In bigger cities, juice bars have become mainstream. And mainstream corporations are clearly taking note. In 2010, Odwalla was gobbled up by Coca Cola. Even Starbucks has jumped on the juicing train, buying Evolution Fresh, a $30 million company that produces a line of cold-pressed vegetable and fruit juices.

For consumers and entrepreneurs, a realization has taken hold: juice does not have to be part of a challenging, expensive, monthlong cleanse. It can be lunch.

For several weeks after the New Year, Pilgrim’s Market, an organic market in Coeur d’Alene, has experienced higher than average sales on juices.

“People who are cleansing often come in for our juices, but many of our customers purchase a juice as a quick lunch substitute,” said marketing director Michal Bennett. “Fresh juice is one of our top-selling items sold in the deli, second only to our soups. Our most popular juice is the Ironman Juice, a fresh blend of spinach, kale, lemon, ginger and seasonal apple.”

And it seems juicing is gaining in popularity with all age groups.

“The demographic for our juice and smoothie bar covers all ages, even kids love to drink here,” Bennett said.

Huckleberry’s Natural Food Market sees juicing as a lasting trend. Since its inception in 1996, the store has cultivated a steady base of customers who return regularly for its fresh juice. Executive chef Nicholas Marinovich attributes this to an increased awareness among consumers.

“Nowadays, consumers really care about what they are putting in their bodies. They want to feel good. They are making healthier choices. They also want to know where their food comes from, and if it’s organic, and if it’s non-GMO,” Marinovich said. “We have worked hard to shrink the radius of where we source our produce for the juice bar, purchasing locally grown organic produce as much as possible.”

Cold-pressing is the latest trend in juicing.

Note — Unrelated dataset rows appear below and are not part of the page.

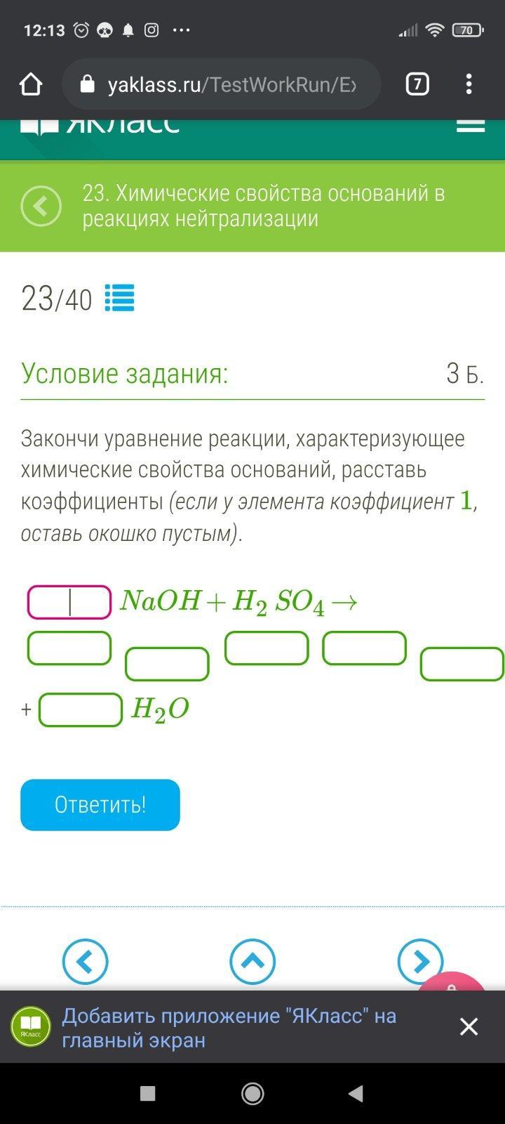 Закончи уравнение реакции, характеризующее химические свойства оснований, расставь коэффициенты (если у элемента коэффициент 1, оставь окошко пустым)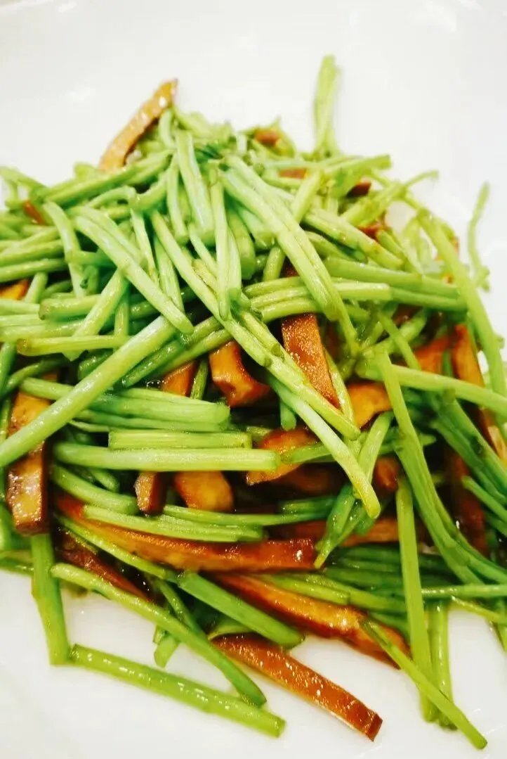 泉水浸菊叶配芦蒿香干:泉水浸菊叶指的是菊花脑(也叫菊花叶)。在南京,人们习惯用清冽的泉水或好水来焯烫或凉拌这种带有独特清凉香气的绿叶菜。它自带一种“降火”的清凉感,非常爽口。配芦蒿香干是经典的南京“旱八鲜”组合。芦蒿有着特殊的清香,口感脆嫩;香干(豆腐干)则提供了豆香和咸鲜的底味。通常芦蒿炒香干是热菜,但在这里,可能是指将芦蒿焯水后凉拌,或者取其清香之意与菊叶搭配。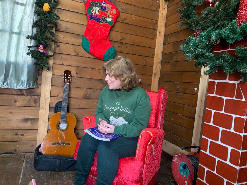 Εκεί, ανάμεσα σε αστεράκια, γέλια και μυρωδιά Χριστουγέννων, η Ομάδα Μελέτης, Διατήρησης και Διάδοσης του Λαϊκού Παραμυθιού και Παιχνιδιού «Οι Παραμυθάδες» άπλωσε το αόρατο χαλί της αφήγησης.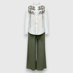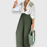 Nivana komplet združuje eleganco in udobje v enem. Sestavljen iz bluze s subtilnim cvetličnim vzorcem in širokih hlačah je odlična izbira za stilne dni.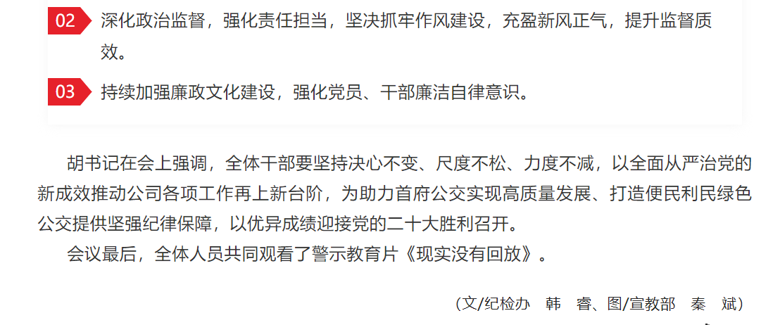 市公交公司党委召开2022年党风廉政建设和反腐败工作推进会

“Cold-pressed juices are made when the produce is slowly pressed in a hydraulic press. The juice comes out without contacting much oxygen or heat. The juice tastes creamier, and the primary benefit is that it lasts longer, roughly three days,” said Murto from Method, where sales of cold-pressed juices have jumped since the beginning of the year.

If you’re new to juicing, order a blend that contains a little fruit, for instance, a combination of carrot, orange and apple. Then work your way into drinking juices with more vegetables. Dark leafy greens and roots tend to be the most nutrient-rich.

If you’re juicing at home, be aware some vegetables have more juice in them than others. For example, you get more juice out of collard greens than with kale but about the same nutrients.

Try incorporating fresh herbs and spices, like fresh ginger and turmeric. My new favorite juice, the Turmeric Tonic, is made with fresh turmeric root. It’s been my morning drink for the past couple of weeks now.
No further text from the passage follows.